Implement reverse in Haskell that runs in linear time

I'm just learning Haskell, so sorry if my question is stupid. I'm reading learnyouahaskell.com and now I'm at chapter 5 "Recursion". There's an example of im开发者_StackOverflow中文版plementation of standard 'reverse' function:

reverse' :: [a] -> [a]  
reverse' [] = []  
reverse' (x:xs) = reverse' xs ++ [x]  

But it seems that it runs in O(N^2) time, while the standard reverse runs in O(N) (I hope so). The following code illustrates this:

sum (reverse [1,2..1000000]) -- runs pretty fast
sum (reverse' [1,2..1000000]) -- never finishes

So, I started thinking how to implement my own reverse faster. It's pretty easy to do in imperative languages. Maybe I need some more advanced material from subsequent chapters to do this?
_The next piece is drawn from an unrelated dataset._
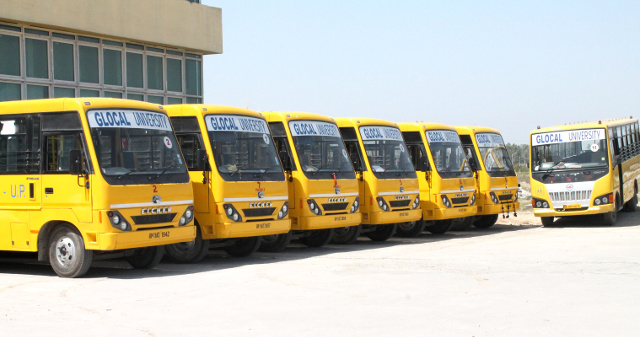 Glocal University is nestled in the foothills of Shivalik range, and well connected by roads from three major cities. In the north, it is connected with Paonta Sahib (HP) which is further linked to Jagadhari and Chandigarh by roads; towards north it is connected to Saharanpur (UP) which has a major railway station while towards the east it is connected to Dehradun (UK), the state capital of Uttarakhand. Glocal University provides transport facility to its day scholars on nominal charges through its self- owned comfortable buses. The buses ply on different routes of the Saharanpur to pick and drop the students from various areas. The students are spared the difficulty of commuting to the University by public transport. This also contributes to inculcating an element of punctuality among the students. Keeping in mind the fact that University is situated in a remote place away from modern amenities,the university provides bus facility to every weakened to its students and staff to visit Dehradun, Saharanpur or Ponta Sahib.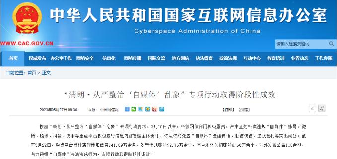 “清朗·從嚴整治‘自媒體’亂象”專項行動取得階段性成效

Any hints are welcomed.

It can be implemented efficiently using an extra accumulator parameter, like the second parameter of fac in this example:

factorial n = fac n 1
  where
    fac 0 r = r
    fac n r = fac (n-1) (r*n)

If you just want to know how it's done in the standard library, you can also look at the source code.

reverse is defined in the Prelude.

You can implement it as:

reverse = foldl (flip (:)) []

reverse l =  rev l []
  where
    rev []     a = a
    rev (x:xs) a = rev xs (x:a)

foldl (\acc x -> x:acc) [] xs

This runs in O(n). The idea is pretty simple - you take an empty list(accumulator) and transfer elements to it from top to bottom.